▸ **TASK GOAL**:
Exclude the pictures and transcribe the rest of the data below exactly.

▸ **INFORMATION PROVIDED**:
-- Opening Marker --

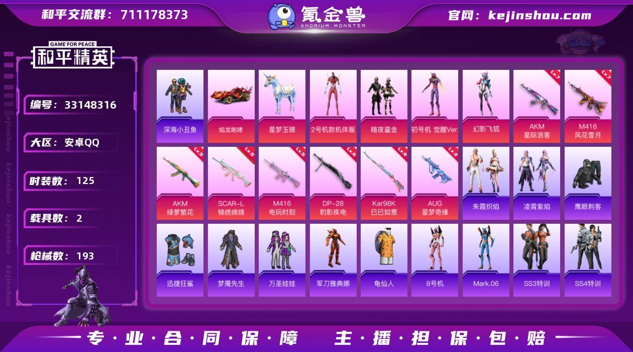 安卓 手Q-4粉装-10特效枪-2载具-3粉色飞行器-62105热力值-9王牌印记-125套装-193枪皮 【热门品类】:套装-深海小丑鱼,角色-军刀雅典娜,套装-龟仙人,角色-8号机,角色-Mark.06 【粉色套装】:角色-2号机款机体服,粉装-暗夜鎏金,角色-初号机 觉醒Ver.,粉装-幻影飞狐 【粉色枪皮等级】:AKM-星际浪客(七级),AKM-绿萝繁花(五级),SCAR-L-锦绣绵绵(五级),M416-风花雪月(七级),M416-电玩时刻(五级),AUG-星梦奇缘(三级),UMP45-萌骑冒险(五级),Kar98K-巳巳如意(四级),Mk14-福马献瑞(五级),DP-28-豹影疾电(四级) 【粉色载具】:焰龙咆哮,星梦玉骢 【粉色枪皮】:AKM-星际浪客,AKM-绿萝繁花,SCAR-L-锦绣绵绵,M416-风花雪月,M416-电玩时刻,AUG-星梦奇缘,UMP45-萌骑冒险,Kar98K-巳巳如意,Mk14-福马献瑞,DP-28-豹影疾电 【粉色飞行器】:星际浪客飞行器,纯梦嫁纱飞行翼,星梦奇缘飞行器 【粉色降落伞】:百万伏特降落伞,春暖花开降落伞,星之彼岸降落伞,星际浪客降落伞,纯梦嫁纱降落伞,江南烟雨降落伞,精灵梦叶罗丽降落伞,星梦奇缘降落伞,炫彩糖果降落伞,虎痴许褚降落伞 【稀有套装】:套装-龟仙人,套装-马上有钱,套装-迅捷龙虾,套装-朱霞炽焰,套装-...
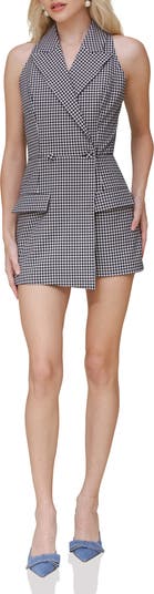 Dainty checks make a charming statement on this sleeveless jumpsuit fashioned with blazer-inspireed peaked lapels.
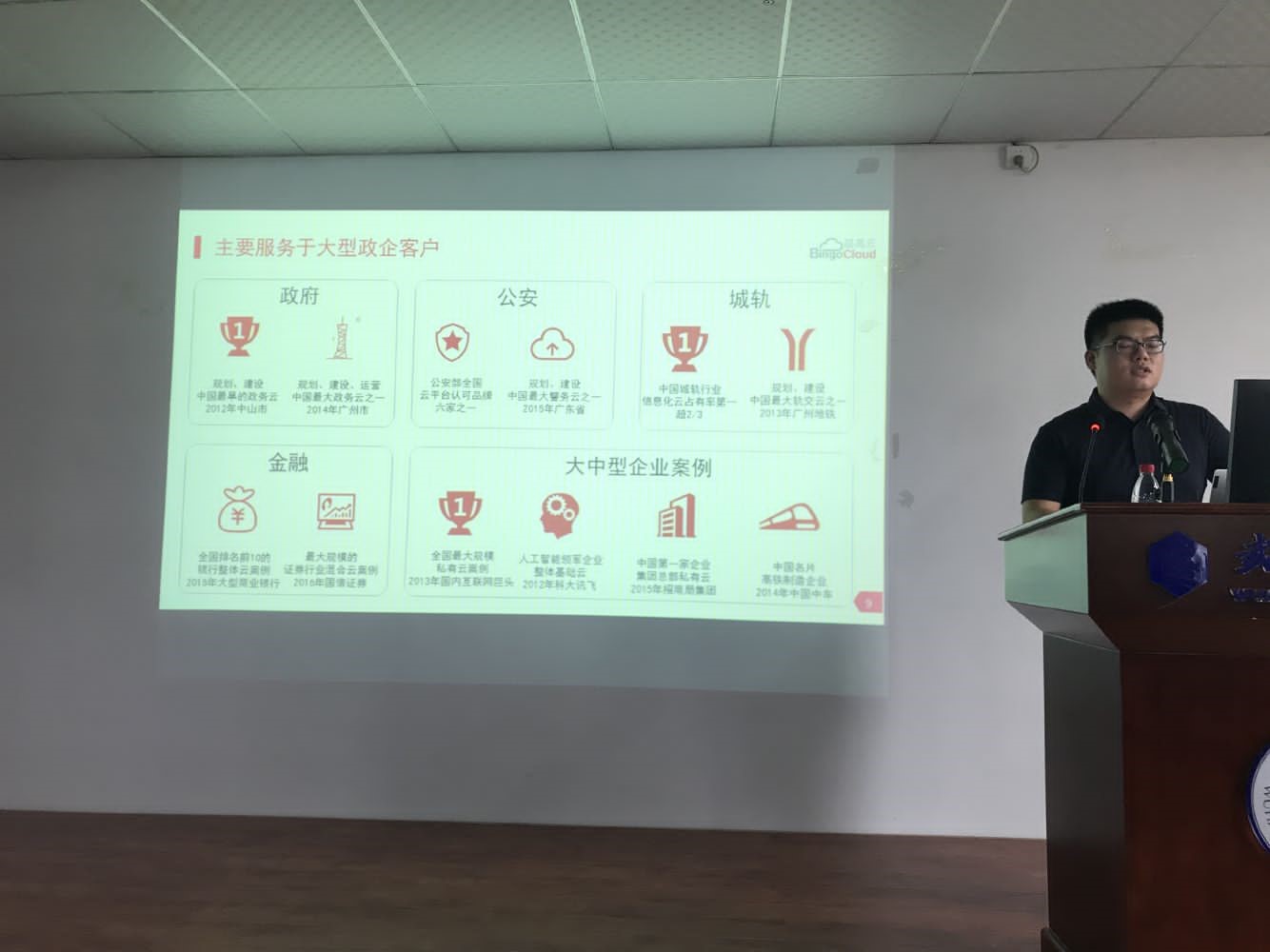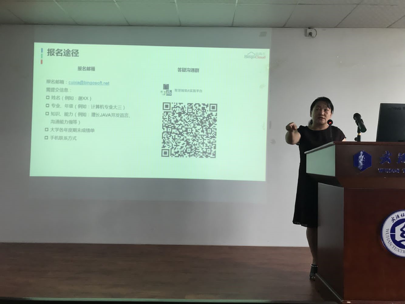 会上,2001级员工,广州品高软件技术有限公司高管洪枝全委托业务部经理谢文迪对公司和行业进行了回顾,向同学们介绍了公司的发展历程,并展示了公司所取得的创新成果以及公司目前的发展攻略和服务对象。随后主讲人对行业技术发展趋势进行了详细分析:新的数字时代要求应用支撑变得更快,传统技术平台难以支撑前台快速创新。并从此方面详细介绍了传统的业务与应用架构面对快速创新的应对策略,着重介绍了低代码开发平台的建设过程、工程实践过程与应用实例。最后主讲人对该IT实践平台进行了介绍。从员工角度分析了对实践平台的要求,随后对平台的设想和参与安排进行了介绍。
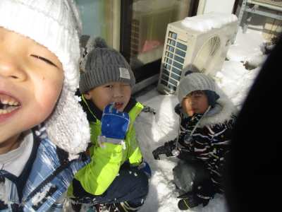 今年初めての幼稚園で雪遊び🎵 子どもたちもウキウキ・ワクワクです😊
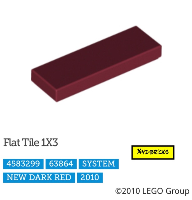 LEGO PARTS 4583299 - Flat Tile 1x3 New Dark Red
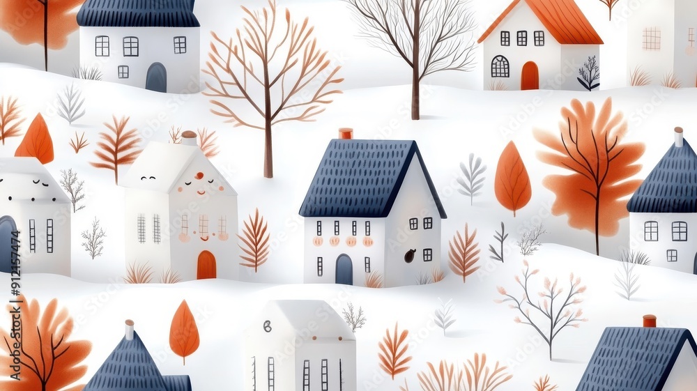 Playful pattern with anthropomorphic houses and waving trees. #912157474
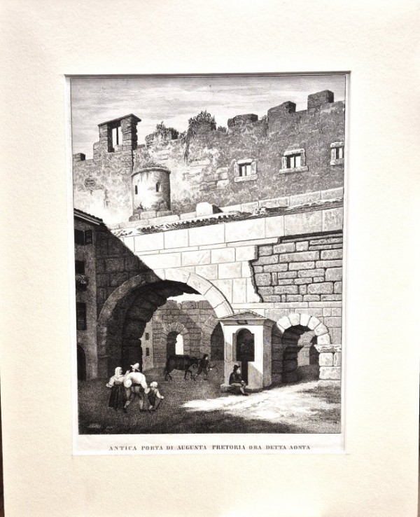 Incisione originale finemente eseguita su matrice di rame. Titolo posto al centro del margine inferiore. L'immagine in esame è una veduta prospettica dell' Arco di Augusto nella città di Aosta con animazione di personaggi in primo piano.Tavola tratta da una delle più importanti e monumentali opere a carattere vedutistico del secolo XIX, ideata da Zuccagni Orlandini, geografo e statistico che dopo aver viaggiato in Europa si stabilì a Firenze ove compose importanti opere geografiche. Registrato all'anagrafe come Giuseppe Orlandini, cambiò la sua identità in Attilio Zuccagni-Orlandini, in memoria dello zio materno, il botanico Attilio Zuccagni, di cui divenne erede. Tuttavia, diventato capo della sezione statistica del Ministero delle Finanze e riprendendo la passione emersa durante i suoi viaggi giovanili, si dedicò presto allo studio della cartografia e della geografia. In questo contesto cominciò i suoi lavori più noti e complessi, quali le compilazioni monumentali relative alla corografia fisico-storica-statistica d'Italia, che interessò il periodo dal 1833 al 1845.Esemplare in buone condizioni conservative.
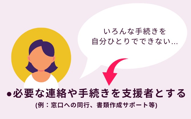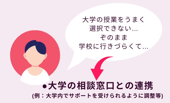今までは何とかなっていた、家族がフォローをしていた、など急に明らかになったケースなどは、日常過ごしていたら"あたりまえ"と思われる部分「が」「で」立ち止まってしまうことが起こってきます。進路が進むにつれて、年齢を重ねていくなかで、困っていることに対して、具体的に本人だけで対処することが難しいことに気づくということが多くあります。また、そもそも自分の困っていることを自分で把握し、適切に他人を頼ったり、出来事に合わせた窓口を利用するなどのことが、難しいことが明らかになっていくことが起こります。

-- Closing Marker --

▸ **SOLUTION BELOW**:
 安卓 手Q-4粉装-10特效枪-2载具-3粉色飞行器-62105热力值-9王牌印记-125套装-193枪皮 【热门品类】:套装-深海小丑鱼,角色-军刀雅典娜,套装-龟仙人,角色-8号机,角色-Mark.06 【粉色套装】:角色-2号机款机体服,粉装-暗夜鎏金,角色-初号机 觉醒Ver.,粉装-幻影飞狐 【粉色枪皮等级】:AKM-星际浪客(七级),AKM-绿萝繁花(五级),SCAR-L-锦绣绵绵(五级),M416-风花雪月(七级),M416-电玩时刻(五级),AUG-星梦奇缘(三级),UMP45-萌骑冒险(五级),Kar98K-巳巳如意(四级),Mk14-福马献瑞(五级),DP-28-豹影疾电(四级) 【粉色载具】:焰龙咆哮,星梦玉骢 【粉色枪皮】:AKM-星际浪客,AKM-绿萝繁花,SCAR-L-锦绣绵绵,M416-风花雪月,M416-电玩时刻,AUG-星梦奇缘,UMP45-萌骑冒险,Kar98K-巳巳如意,Mk14-福马献瑞,DP-28-豹影疾电 【粉色飞行器】:星际浪客飞行器,纯梦嫁纱飞行翼,星梦奇缘飞行器 【粉色降落伞】:百万伏特降落伞,春暖花开降落伞,星之彼岸降落伞,星际浪客降落伞,纯梦嫁纱降落伞,江南烟雨降落伞,精灵梦叶罗丽降落伞,星梦奇缘降落伞,炫彩糖果降落伞,虎痴许褚降落伞 【稀有套装】:套装-龟仙人,套装-马上有钱,套装-迅捷龙虾,套装-朱霞炽焰,套装-...
 Dainty checks make a charming statement on this sleeveless jumpsuit fashioned with blazer-inspireed peaked lapels.
 会上,2001级员工,广州品高软件技术有限公司高管洪枝全委托业务部经理谢文迪对公司和行业进行了回顾,向同学们介绍了公司的发展历程,并展示了公司所取得的创新成果以及公司目前的发展攻略和服务对象。随后主讲人对行业技术发展趋势进行了详细分析:新的数字时代要求应用支撑变得更快,传统技术平台难以支撑前台快速创新。并从此方面详细介绍了传统的业务与应用架构面对快速创新的应对策略,着重介绍了低代码开发平台的建设过程、工程实践过程与应用实例。最后主讲人对该IT实践平台进行了介绍。从员工角度分析了对实践平台的要求,随后对平台的设想和参与安排进行了介绍。
 今年初めての幼稚園で雪遊び🎵 子どもたちもウキウキ・ワクワクです😊
 LEGO PARTS 4583299 - Flat Tile 1x3 New Dark Red
 Playful pattern with anthropomorphic houses and waving trees. #912157474
 Incisione originale finemente eseguita su matrice di rame. Titolo posto al centro del margine inferiore. L'immagine in esame è una veduta prospettica dell' Arco di Augusto nella città di Aosta con animazione di personaggi in primo piano.Tavola tratta da una delle più importanti e monumentali opere a carattere vedutistico del secolo XIX, ideata da Zuccagni Orlandini, geografo e statistico che dopo aver viaggiato in Europa si stabilì a Firenze ove compose importanti opere geografiche. Registrato all'anagrafe come Giuseppe Orlandini, cambiò la sua identità in Attilio Zuccagni-Orlandini, in memoria dello zio materno, il botanico Attilio Zuccagni, di cui divenne erede. Tuttavia, diventato capo della sezione statistica del Ministero delle Finanze e riprendendo la passione emersa durante i suoi viaggi giovanili, si dedicò presto allo studio della cartografia e della geografia. In questo contesto cominciò i suoi lavori più noti e complessi, quali le compilazioni monumentali relative alla corografia fisico-storica-statistica d'Italia, che interessò il periodo dal 1833 al 1845.Esemplare in buone condizioni conservative.
今までは何とかなっていた、家族がフォローをしていた、など急に明らかになったケースなどは、日常過ごしていたら"あたりまえ"と思われる部分「が」「で」立ち止まってしまうことが起こってきます。進路が進むにつれて、年齢を重ねていくなかで、困っていることに対して、具体的に本人だけで対処することが難しいことに気づくということが多くあります。また、そもそも自分の困っていることを自分で把握し、適切に他人を頼ったり、出来事に合わせた窓口を利用するなどのことが、難しいことが明らかになっていくことが起こります。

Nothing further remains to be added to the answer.